(Dataset content begins)

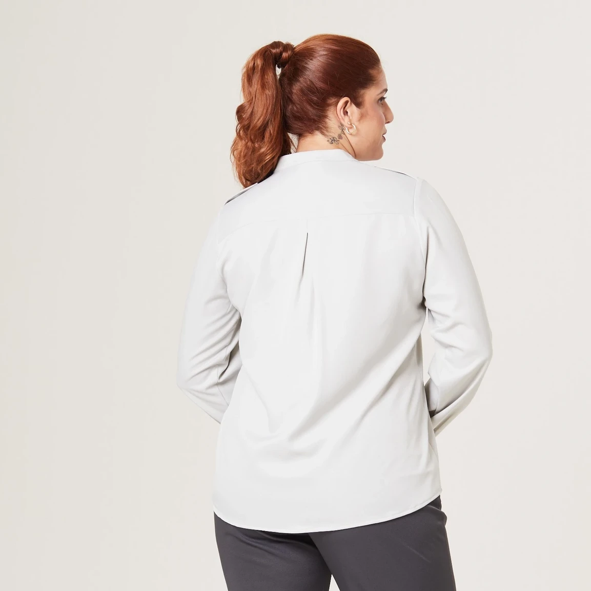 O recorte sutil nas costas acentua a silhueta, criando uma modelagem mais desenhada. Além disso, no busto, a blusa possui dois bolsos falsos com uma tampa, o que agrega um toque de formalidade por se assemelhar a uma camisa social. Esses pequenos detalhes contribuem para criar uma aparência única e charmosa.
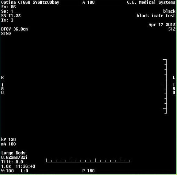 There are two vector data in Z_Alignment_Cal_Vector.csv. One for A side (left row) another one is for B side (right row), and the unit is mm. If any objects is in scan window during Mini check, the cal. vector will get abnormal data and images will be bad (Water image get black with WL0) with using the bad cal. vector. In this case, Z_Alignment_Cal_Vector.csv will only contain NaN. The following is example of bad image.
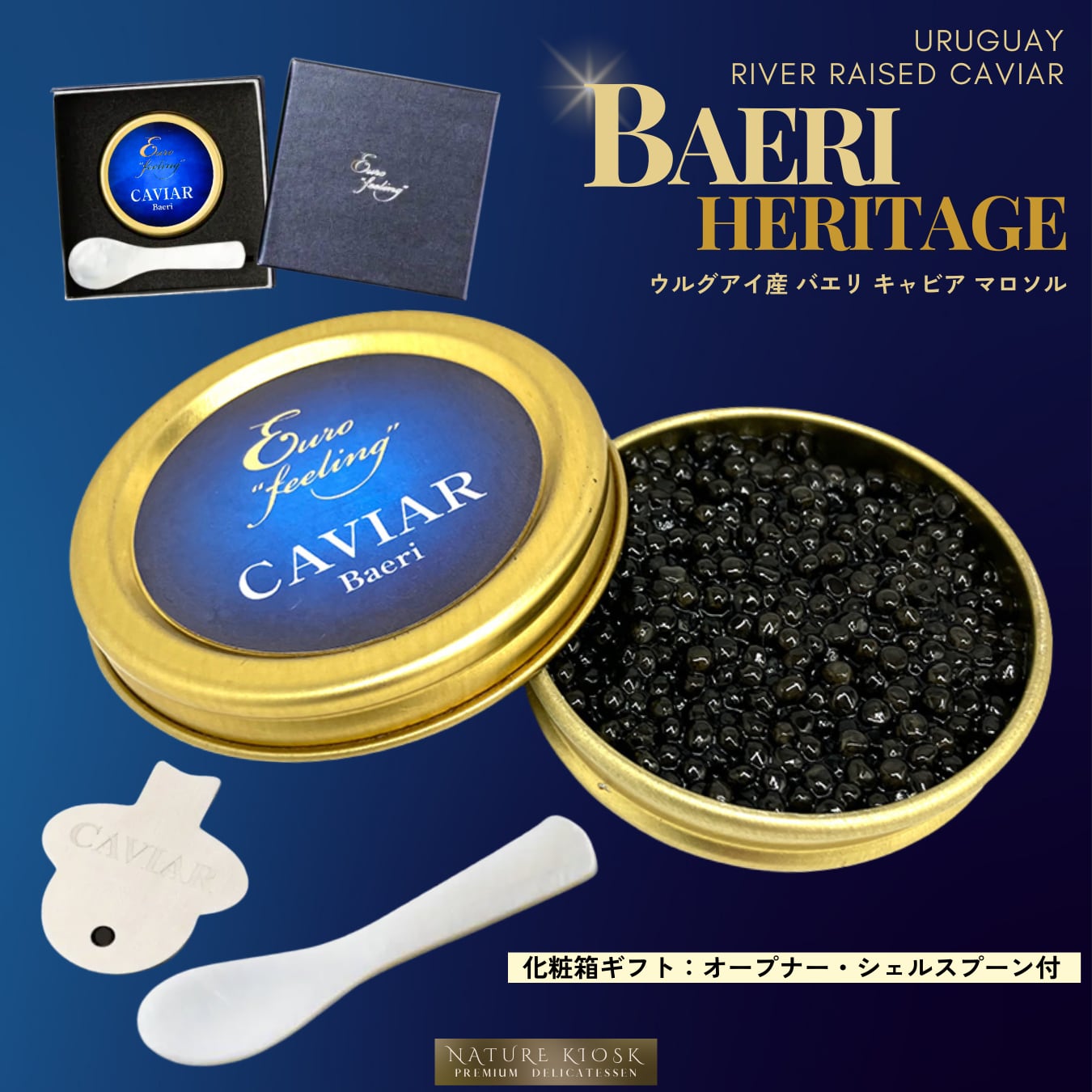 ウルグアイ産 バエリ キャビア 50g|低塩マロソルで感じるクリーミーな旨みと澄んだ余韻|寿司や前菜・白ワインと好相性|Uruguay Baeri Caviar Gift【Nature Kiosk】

(Dataset content ends)

### Task item
What is needed is a verbatim copy of the lines from the line with "There are two" through the last line of the listing, pictures excluded.

### Solution
 There are two vector data in Z_Alignment_Cal_Vector.csv. One for A side (left row) another one is for B side (right row), and the unit is mm. If any objects is in scan window during Mini check, the cal. vector will get abnormal data and images will be bad (Water image get black with WL0) with using the bad cal. vector. In this case, Z_Alignment_Cal_Vector.csv will only contain NaN. The following is example of bad image.
 ウルグアイ産 バエリ キャビア 50g|低塩マロソルで感じるクリーミーな旨みと澄んだ余韻|寿司や前菜・白ワインと好相性|Uruguay Baeri Caviar Gift【Nature Kiosk】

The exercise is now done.